Literature DB >> 22607023

Mobility of Xe atoms within the oxygen diffusion channel of cytochrome ba(3) oxidase.

V Mitch Luna1, James A Fee, Ashok A Deniz, C David Stout.   

Abstract

We use a form of "freeze-trap, kinetic crystallography" to explore the migration of Xe atoms away from the dinuclear heme a(3)/Cu(B) center in Thermus thermophilus cytochrome ba(3) oxidase. This enzyme is a member of the heme-copper oxidase superfamily and is thus crucial for dioxygen-dependent life. The mechanisms involved in the migration of oxygen, water, electrons, and protons into and/or out of the specialized channels of the heme-copper oxidases are generally not well understood. Pressurization of crystals with Xe gas previously revealed a O(2) diffusion channel in cytochrome ba(3) oxidase that is continuous, Y-shaped, 18-20 Å in length and comprised of hydrophobic residues, connecting the protein surface within the bilayer to the a(3)-Cu(B) center in the active site.
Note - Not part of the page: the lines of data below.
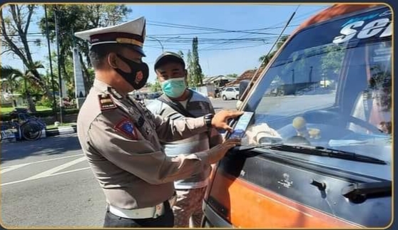 Dalam pelaksanaannya anggota Satlantas Polres Demak memasangkan stiker edukasi di kendaraan umum yang berisi himbauan menerapkan protokol kesehatan seperti menggunakan masker.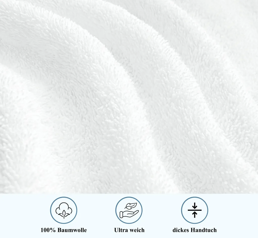 В комплект входит: В комплект входят 4 полотенца для рук размером 100х50 см и 2 полотенца для душа размером 140х70 см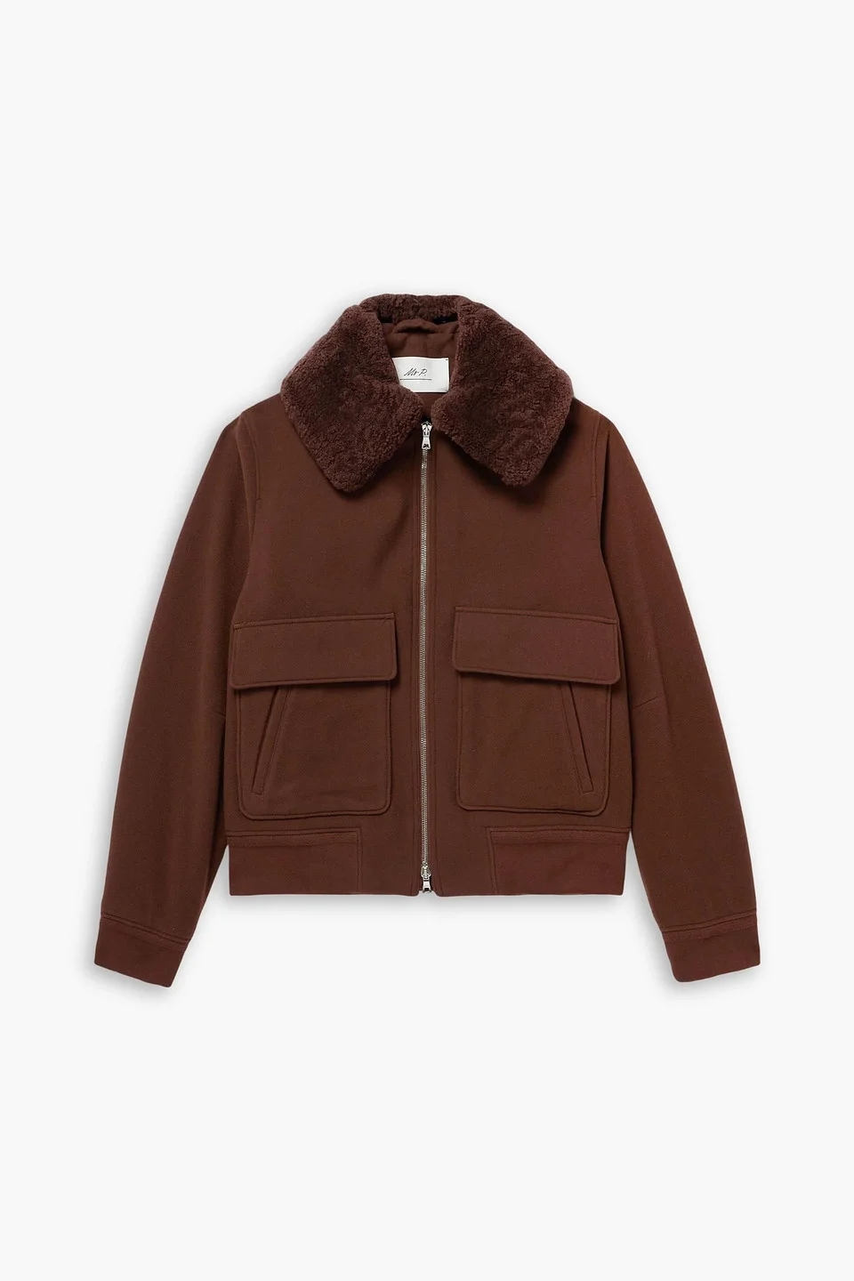 Bomber jacket wool-blend felt shearling trim knitted trims detachable collar front flap pockets two-way zip fastening through front fully lined mid-weight, non-stretchy fabric dry clean imported 75% Wool 20% Polyamide 5% Cashmere 0% Lambskin Product Code 46376663163064506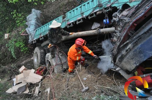 70度的半坡讓整個車輛搖搖欲墜,一旦使用大功率救援設備,30余噸的西瓜加上20余噸的車身就會再次下滑,不但被困人員無法救出,還會造成救援人員意外傷亡和被困者遺體二次被轍壓,救援工作無法展開。3月24日7時10分,縣政府立即啟動應急救援預案,成立臨時指揮部,多部門協同配合,制定祥細救援方案。一是由消防官兵具體負責現場監控和被困人員救援出轉移;二是公安交警部門負責警戒,嚴防無關人員介入;三是聯系氧焊施工人員對車輛進行分切割,開開辟救援空間,同時消防官兵攜帶手提式滅火器進行觀察,嚴防切割時造成火災事故。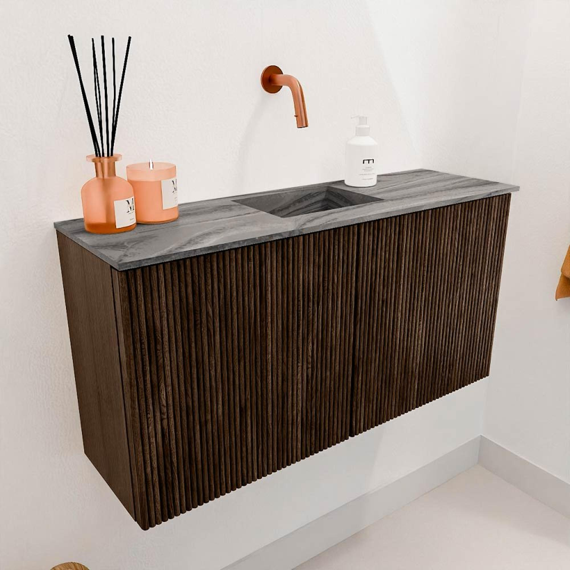 Ce meuble est un exemple d'élégance intemporelle. La couleur chaude noyer et l'utilisation de chêne massif lui confèrent une apparence naturelle et luxueuse qui s'intègre dans presque toutes les salles de bains. Les rainures verticales ajoutent un accent de design subtil, donnant au meuble une touche moderne sans dominer. Grâce au design suspendu et épuré, votre salle de bains paraît plus spacieuse et ordonnée. Ainsi, vous profitez non seulement d'un beau meuble, mais aussi d'une salle de bains qui dégage calme et style.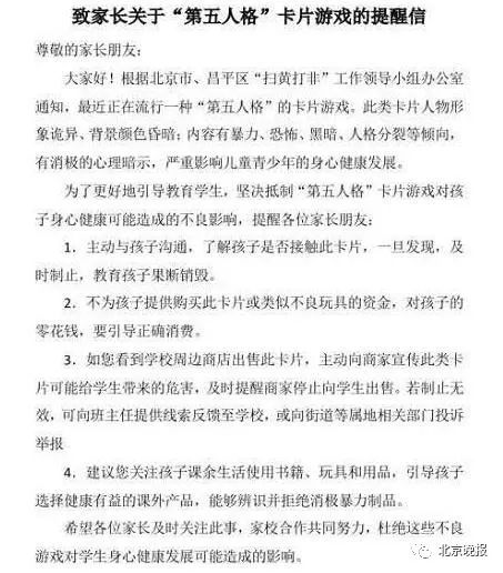而昌平区扫黄打非办公室工作人员表示,最近确实发布了这样的通知,但只是提醒、建议性质,家长也不用太过紧张。孩子真的买了、玩了卡牌,也不会受到什么处罚。
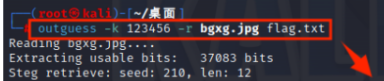 outguess -k 秘钥 -r 加密后的图片 输出文件名[自己命名] //提取文件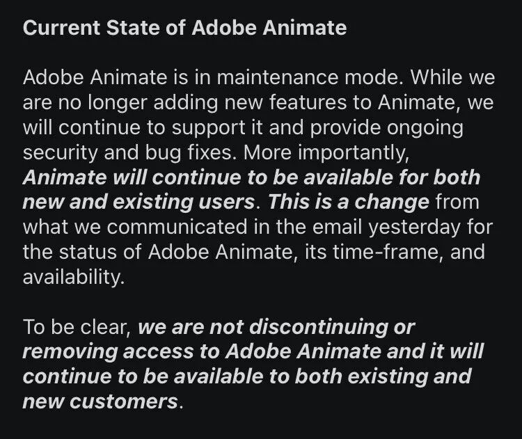 或许正是因为这款软件在业界的影响力够大,就在Adobe宣布关停的约30小时后,他们又在用户社区内紧急宣布,撤回之前发布的公告,将继续对AN进行维护。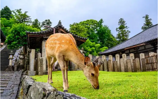 【奈良鹿公園】(約40 分鐘)奈良公園位于奈良東部、春日山腳下,占地面積為 8 平方公里。奈良人深信祖先是騎著鹿而來的,所以對鹿相當崇敬,奈良公園內(nèi)就有 1200 多頭受市政府保護的野生梅花鹿隨意漫步,游人來到這里也能夠和 它們親密接觸。園內(nèi)到處都有售賣“鹿餅”的攤販,只要游客的手中拿有鹿餅,就會立刻被許多鹿環(huán)繞其中,感覺非常 奇特。春季嫩枝發(fā)芽櫻花綻放、秋季滿園楓葉的奈良公園都令人心曠神怡,而在其他季節(jié)也很適合悠閑自在地漫步。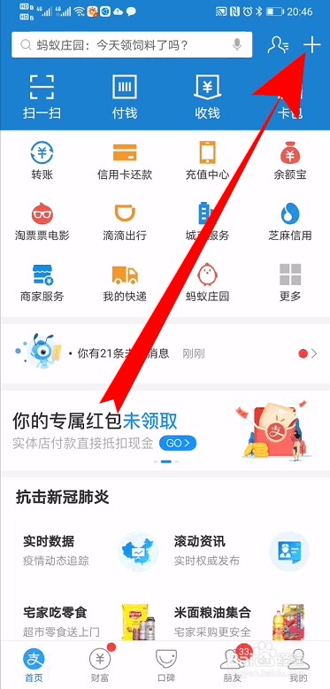 返回支付宝首页,点击右上的+号。

To understand movement of gas molecules within the O(2) channel, we performed crystallographic analysis of 19 Xe laden crystals freeze-trapped in liquid nitrogen at selected times between 0 and 480 s while undergoing outgassing at room temperature. Variation in Xe crystallographic occupancy at five discrete sites as a function of time leads to a kinetic model revealing relative degrees of mobility of Xe atoms within the channel. Xe egress occurs primarily through the channel formed by the Xe1 → Xe5 → Xe3Xe4 sites, suggesting that ingress of O(2) is likely to occur by the reverse of this process. The channel itself appears not to undergo significant structural changes during Xe migration, thereby indicating a passive role in this important physiological function.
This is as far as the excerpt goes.